Keywords: Echinophora Platyloba; Rat; Acute Toxicity; Subchronic Toxicity
INTRODUCTION
The Apiaceae family is of particular interest in food and medicinal chemistry because it includes many commonly consumed plants, such as celery, carrot, fennel, caraway, and dill. Coumarins, polyacetylenes, flavonoids, sesquiterpenes, and phthalides are among the important chemical constituents of this family, along with biologically active essential oils (1-5). Iran's climate conditions are especially suitable for the growth of apiaceous plants, as demonstrated by the growth of 114 wild genera with 12 endemic genera (6), most of which are consumed daily as food or used in traditional medicine.

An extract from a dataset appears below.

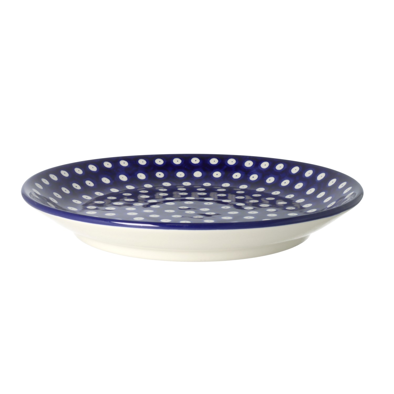Płaski talerz deserowy. Produkt ręcznie formowany i dekorowany w Ceramice Artystycznej S.R.A. Bolesławiec.
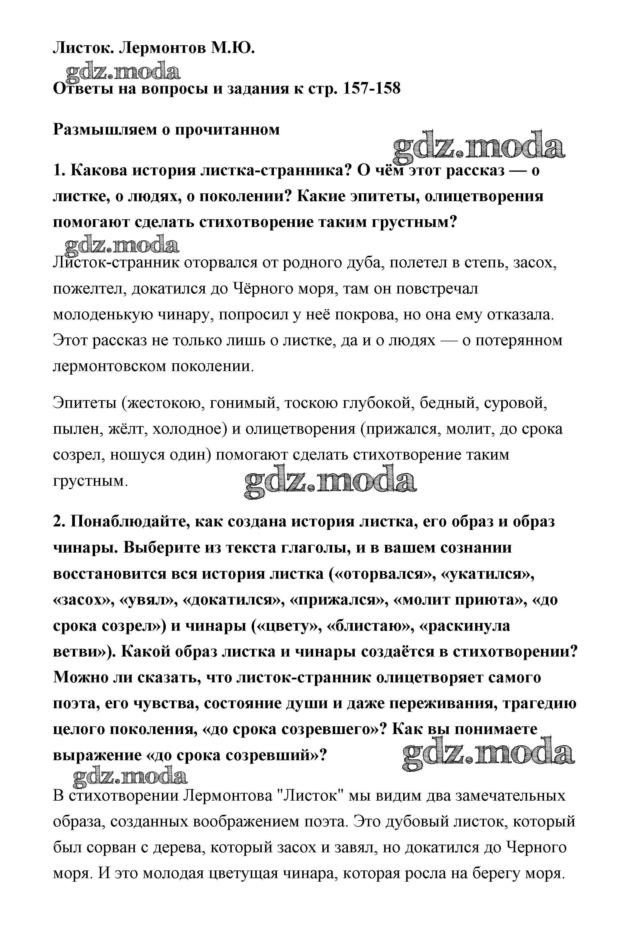 ГДЗ решение к заданию № страница 157 Литература 6 класс Коровина Просвещение 2016 Часть 1 ФГОС бесплатно на гдз.мода!

Echinophora is a ten-species genus of Apiaceae that contains four species native to Iran, including E. orientalis, E. sibthorpiana, E. cinerea, and E. platyloba (6). Called “Khousharizeh” or “Tigh Touragh” in Persian, E. platyloba is widely used in western and central Iran as a food seasoning and edible vegetable. Local people add the plant to pickles and tomato pastes as an antifungal and antimicrobial preservative (7). These effects have been demonstrated in several experiments. For example, alcoholic extracts of E. platyloba inhibited Candida albicans (7), Trichophyton spp., Microsporum (8), Pseudomonas, and Staphylococcus growth, but it was not effective against Aspergillus (9). Moreover, it could increase the effect of amphotericin B against C. albicans (10). E. platyloba is also traditionally used as an antispasmodic in dysmenorrhea, and its efficacy was proven in a clinical trial (11). Moreover, its hydroalcoholic extract and essential oil were shown to have acceptable antispasmodic effects in the rat ileum (12).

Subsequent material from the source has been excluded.